= Nyingchi railway station =

Railway station in Nyingchi, China

Nyingchi Railway Station (林芝站 (Línzhī zhàn)), located in Zere Village, Bayi District, Nyingchi City, Tibet Autonomous Region, is a key passenger and freight hub on the Lhasa-Nyingchi section of the Sichuan-Tibet Railway. Opened on June 25, 2021, it serves as the terminus of the Kangding-Nyingchi Railway and the first electrified railway station in southeastern Tibet.

== Architecture ==
The station's architectural design emphasizes ecological integration, blending modern engineering with Tibetan cultural motifs. Its facade features snow-white and maroon hues, symbolizing Tibetan traditions, while interior elements like ceiling carvings and glass doors incorporate peach blossom patterns—a nod to Nyingchi's renowned peach forests. The two-story station, covering 14,986.78 m^{2}, uses a steel grid structure and glass curtain walls to harmonize with the surrounding Himalayan landscape. Construction faced challenges due to Nyingchi's rugged terrain and sensitive ecology. Engineers employed a "medium zigzag" route to navigate the Nyang River Valley, minimizing disruption to the biodiverse region. Engineers bored tunnels through the Bonri Mountain using spiral "unfolding lines" to reduce elevation changes and preserve the area's natural topography.

== Operation ==
During operations, the station prioritizes eco-friendly practices, such as wastewater recycling and solar energy utilization.

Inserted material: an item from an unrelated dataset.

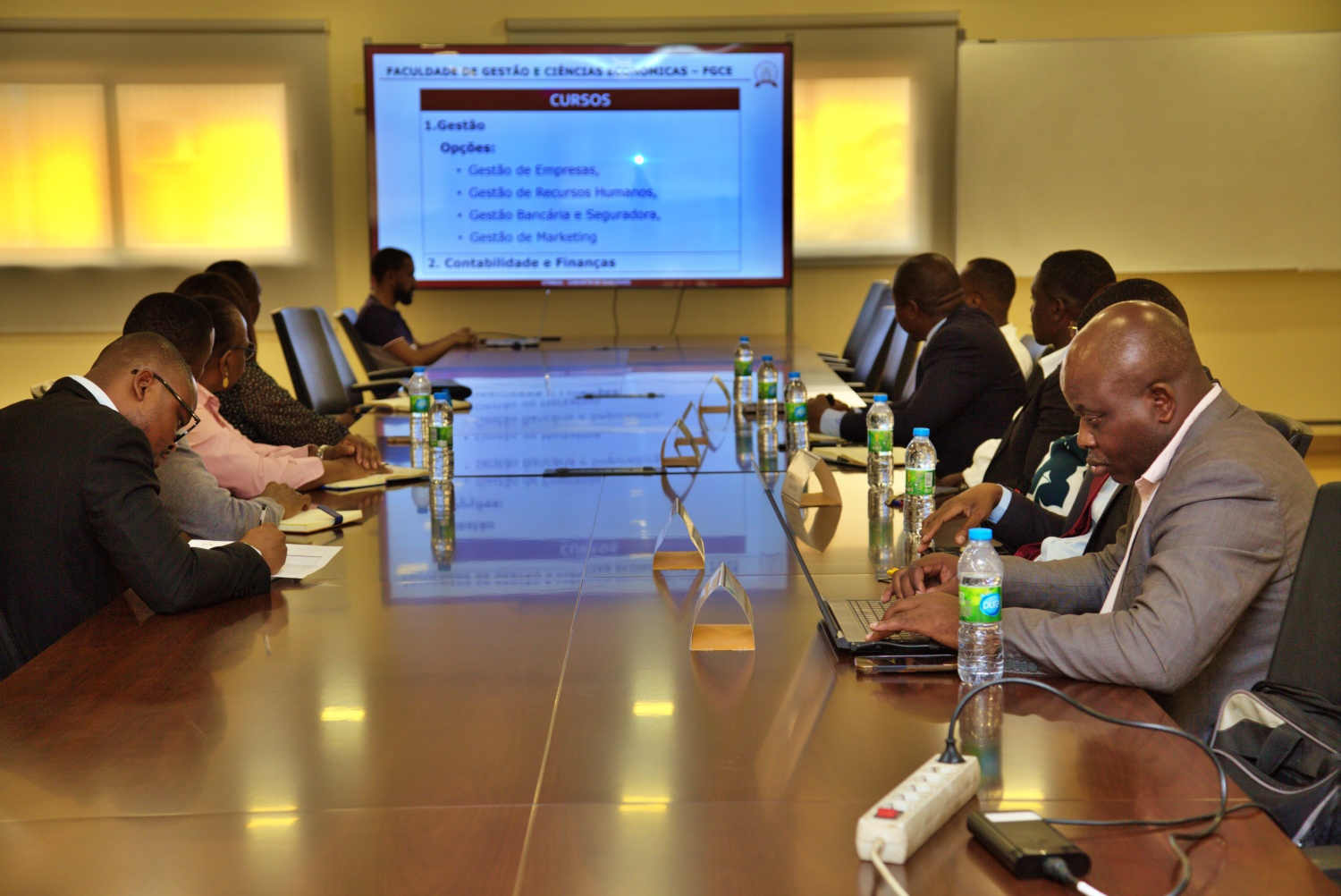 Por parte da UTANGA, a delegação foi acolhida pelo Vice-Reitor para os Assuntos Académicos, Eng. Eugénio Tchipako, em representação do Magnífico Reitor, juntamente com o Director do Gabinete do Reitor, os decanos das Faculdades de Engenharias, Gestão e Ciências Económicas, Letras e Ciências Sociais, o Director Técnico da Universidade e docentes.

It has catalyzed regional development, transporting over 1.92 million passengers and 419,100 tons of cargo (as of 2023), including local specialties like matsutake mushrooms and Tibetan pork.

On July 22, 2021, Xi Jinping, General Secretary of the Chinese Communist Party, visited the Nyingchi railway station to assess the comprehensive planning of the Sichuan-Tibet Railway and the building and operation of the Lhasa-Nyingchi segment, prior to boarding a train to Lhasa.